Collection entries
BEGIN

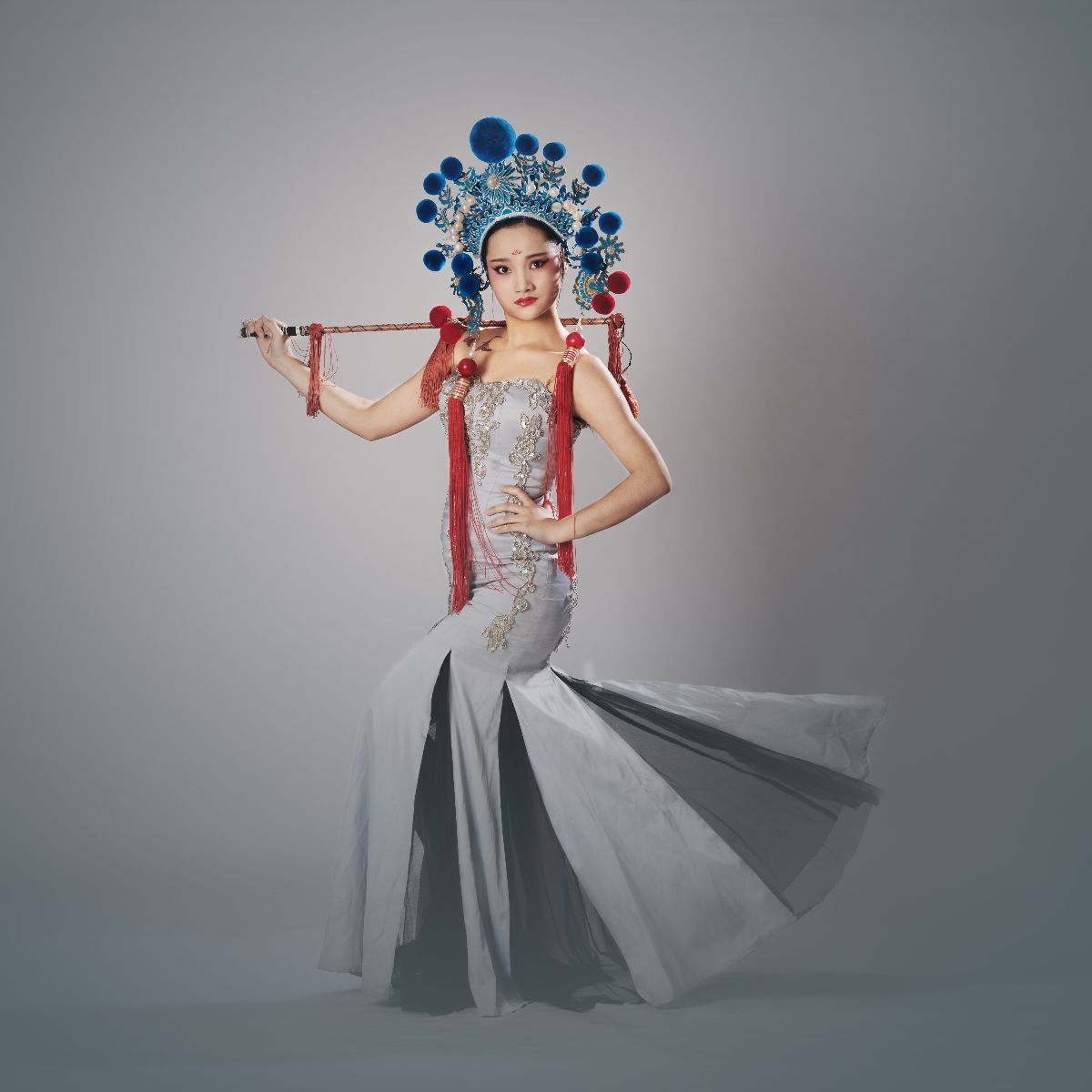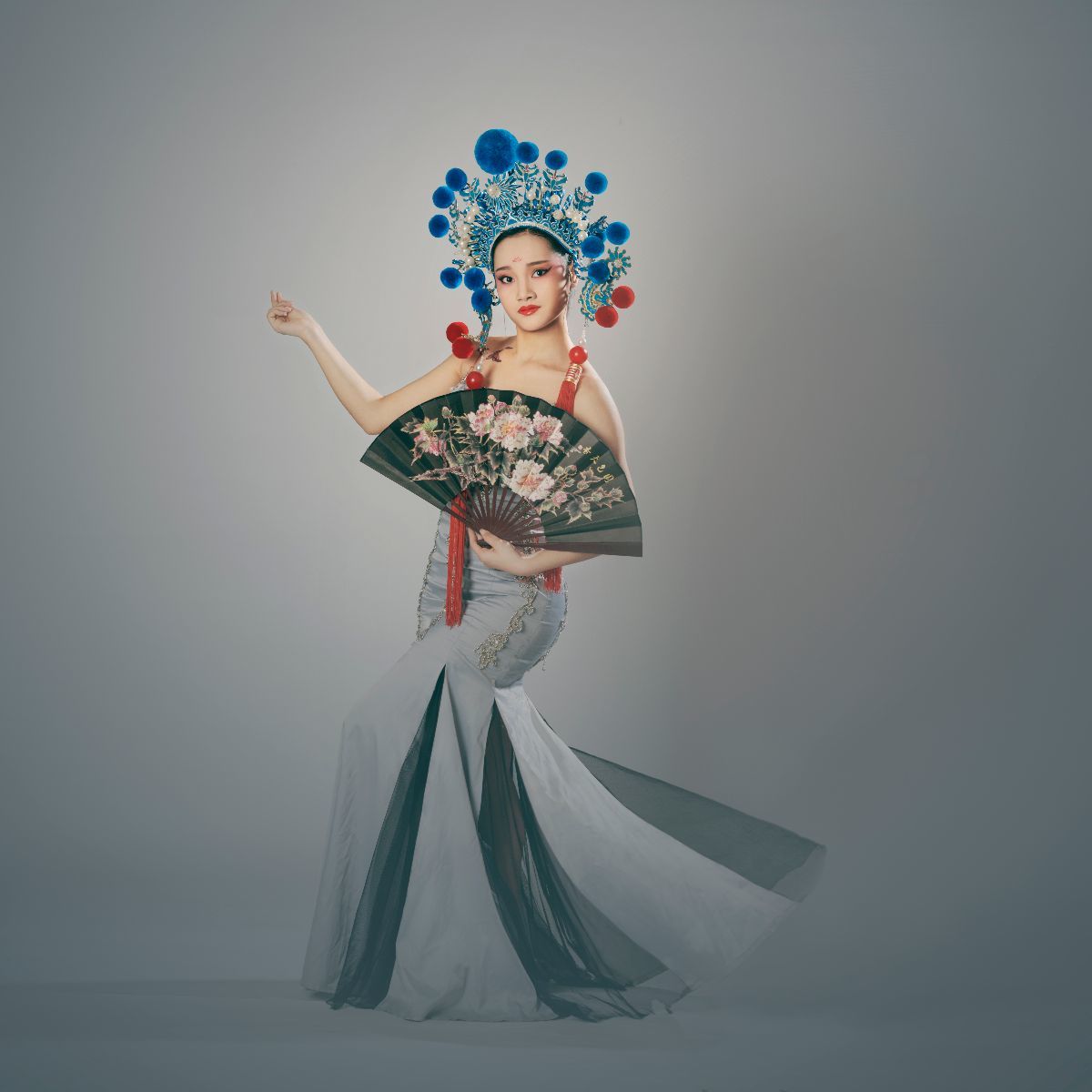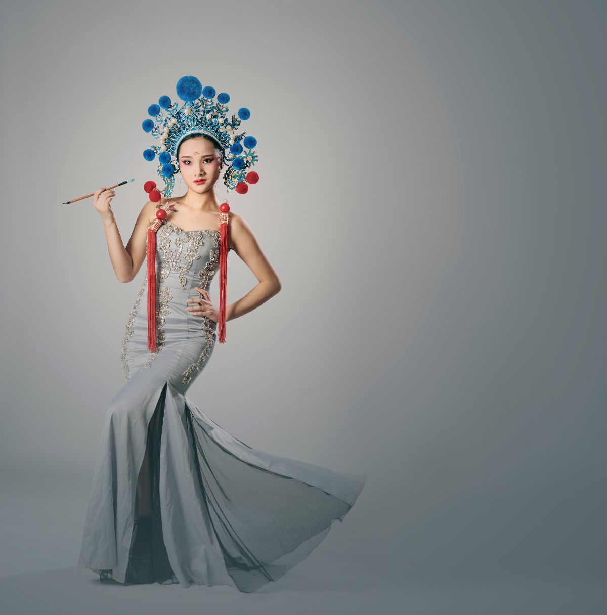 香臉輕勻,黛眉巧畫宮妝淺,雙蝶繡羅裙。
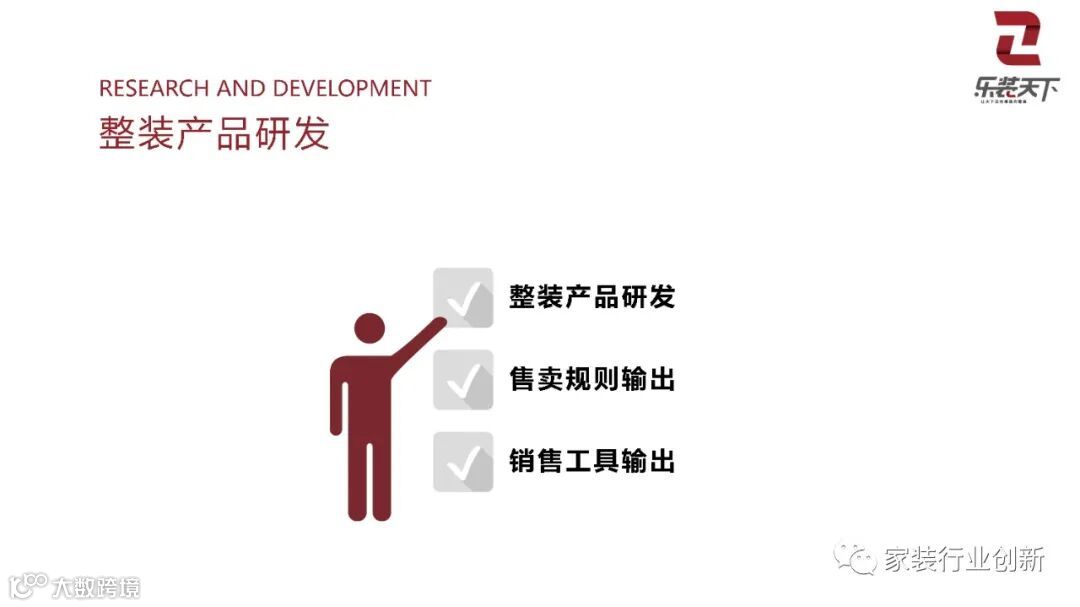 上述讲到是品牌策划方面,接下来是整装产品研发方面。乐豪斯经常说,像卖汽车一样卖整装,汽车需要研发,整装自然也是需要进行研发的,研发的目的是让企业快速冲销,客户快速接受,让产品更加标准化得进行售卖,还包括售卖规则以及售卖
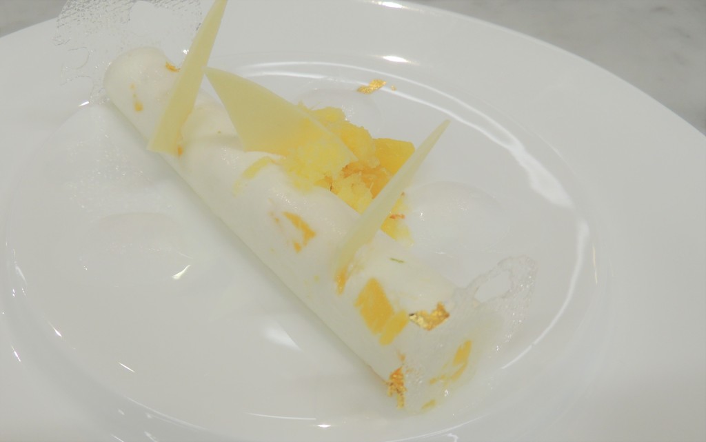 さわやかな柚子のムースにパイナップルとライムのコンポートを加えて
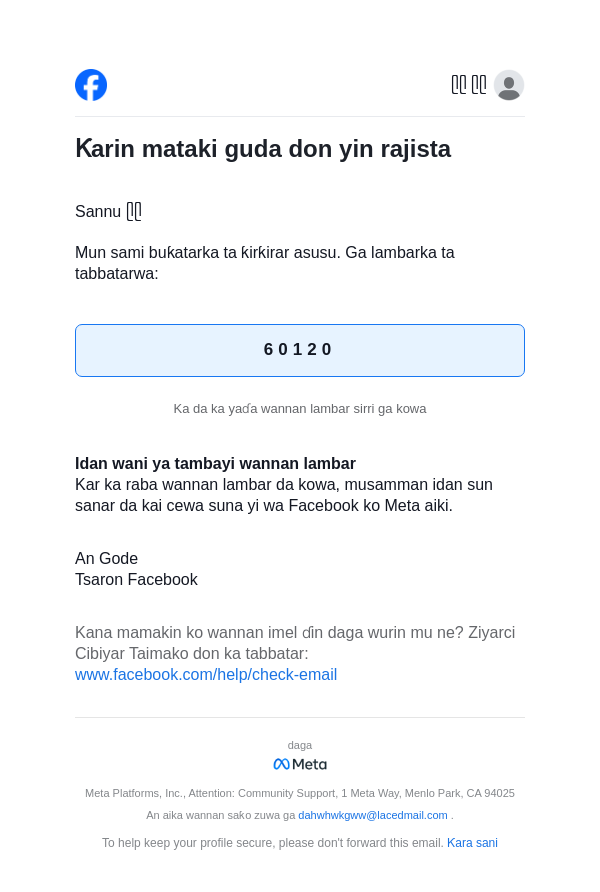 To: dahwhwkgww@lacedmail.com From: registration@facebookmail.com Received: 2026-03-27 19:03:39.779534
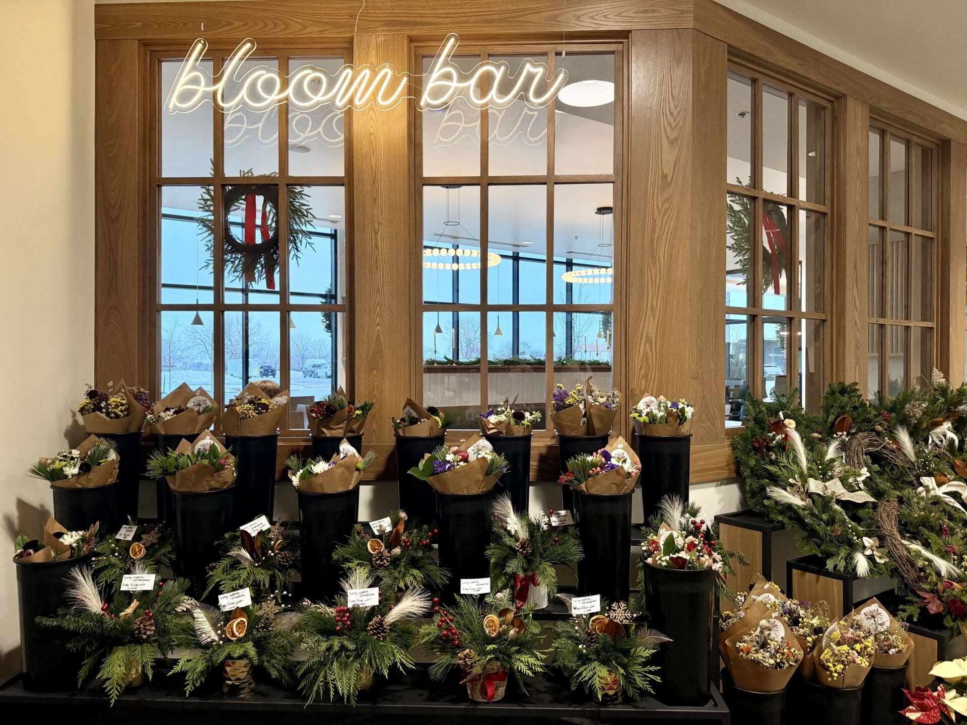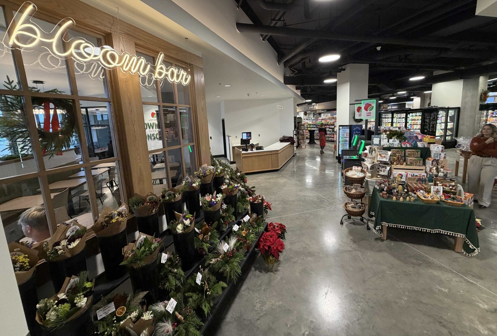 There’s a “bloom bar” filled with local flower arrangements and bouquets.
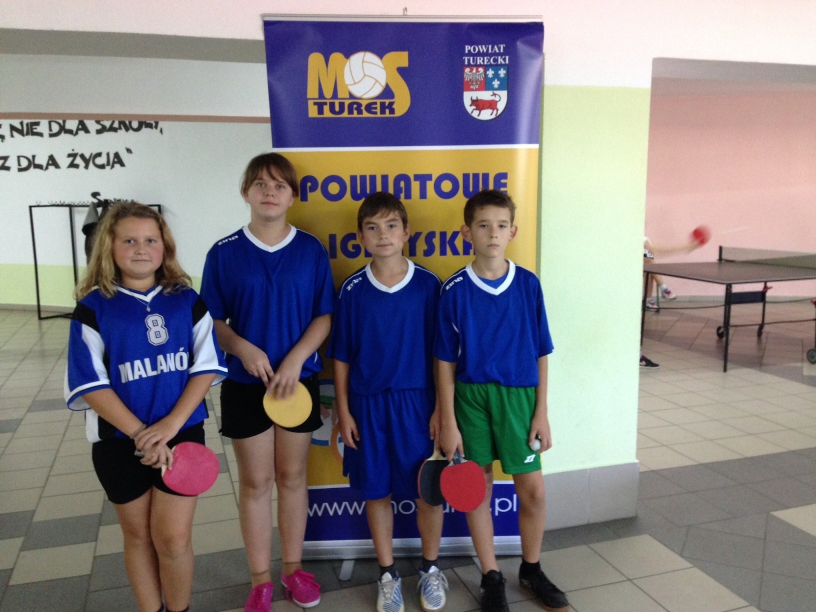 W dniu 23 października w Brudzewie odbyły się Eliminacje Drużynowe Dziewcząt i Chłopców Szkół Podstawowych. Rozlosowano systemem brazylijskim po dwóch przegranych meczach zespół odpada z gry, trafiliśmy na Słodków i Przykonę, niestety musieliśmy uznać przewagę naszych przeciwników i odpadliśmy z dalszych eliminacji. Naszą szkołę reprezentowali Klaudia Kowalska, Julia Andrzejewska, Szymon Pawlak i Kamil Nowakowski. Mam nadzieję, iż nauka pozyskana podczas turnieju pozwoli nam w przyszłości zaistnieć na arenie naszego powiatu w tej dyscyplinie sportu.

END

> [Your assignment] Starting at the line that holds "上述讲到是品牌策划方面,接下", print each line through the last one of the entries above, exactly and with both ends included; no pictures.

> [Finished task]
 上述讲到是品牌策划方面,接下来是整装产品研发方面。乐豪斯经常说,像卖汽车一样卖整装,汽车需要研发,整装自然也是需要进行研发的,研发的目的是让企业快速冲销,客户快速接受,让产品更加标准化得进行售卖,还包括售卖规则以及售卖
 さわやかな柚子のムースにパイナップルとライムのコンポートを加えて
 To: dahwhwkgww@lacedmail.com From: registration@facebookmail.com Received: 2026-03-27 19:03:39.779534
 There’s a “bloom bar” filled with local flower arrangements and bouquets.
 W dniu 23 października w Brudzewie odbyły się Eliminacje Drużynowe Dziewcząt i Chłopców Szkół Podstawowych. Rozlosowano systemem brazylijskim po dwóch przegranych meczach zespół odpada z gry, trafiliśmy na Słodków i Przykonę, niestety musieliśmy uznać przewagę naszych przeciwników i odpadliśmy z dalszych eliminacji. Naszą szkołę reprezentowali Klaudia Kowalska, Julia Andrzejewska, Szymon Pawlak i Kamil Nowakowski. Mam nadzieję, iż nauka pozyskana podczas turnieju pozwoli nam w przyszłości zaistnieć na arenie naszego powiatu w tej dyscyplinie sportu.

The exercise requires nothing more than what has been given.